DESCRIPTION:
Duties: Engage and improve the lifecycle of Cloud Services from inception, design, deployment, and operations. Automate repeated manual tasks. Develop tools and automation to improve the efficiency of the platform and infrastructure. Analyze defects, propose improvements, and drive efficiencies in systems and processes. Contribute to the development of new Cloud Engineering strategies and implementations for the firm as part of Site Reliability team. Responsible for ensuring the reliability, availability, and performance of the Cloud Infrastructure and the Terraform Enterprise Infrastructure Automation Platform. Develop Observability and Telemetry tools. Author and improve the quality of Technical Engineering documentation. Debug and solve issues in a Production environment. Participate in SRE on-call rotations and escalation workflows.
QUALIFICATIONS:
Minimum education and experience required: Master's degree in Information Systems Technologies - Information Assurance, Computer Science, or related field of study plus 3 years of experience in the job offered or as Site Reliability Engineer, Devops Engineer, or related occupation. The employer will alternatively accept a Bachelor's degree in Information Systems Technologies - Information Assurance, Computer Science, or related field of study plus 5 years of experience in the job offered or as Site Reliability Engineer, Devops Engineer, or related occupation.

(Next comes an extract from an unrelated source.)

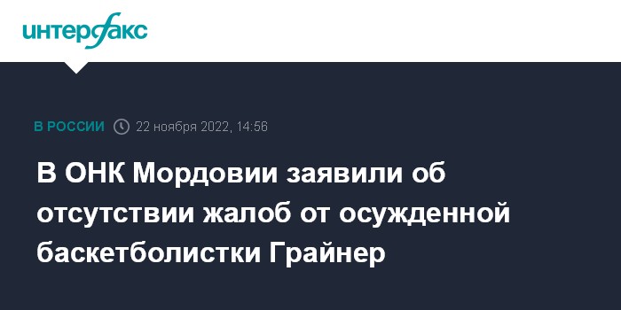 В ОНК Мордовии заявили об отсутствии жалоб от осужденной баскетболистки Грайнер

Skills Required: This position requires experience with the following: Designing, implementing, and maintaining Infrastructure as Code (IaC) using HashiCorp Terraform Enterprise, ensuring scalability, reliability, and security of cloud environments; developing and managing Terraform modules, enforcing best practices, and optimizing resource provisioning across AWS; performing scripting, development, and automation leveraging at least one of the following programming languages and frameworks: Python or Bash; automating infrastructure deployment and configuration using CI/CD pipelines and automation tools to support continuous delivery, utilizing at least one of the following: GitHub, Jenkins, or Spinnaker; and monitoring the Terraform Enterprise platform by leveraging different monitoring, logging, and observability tools with at least one of the following: Prometheus, Grafana, or Datadog.
Job Location: 8181 Communications Parkway, Plano, TX 75024.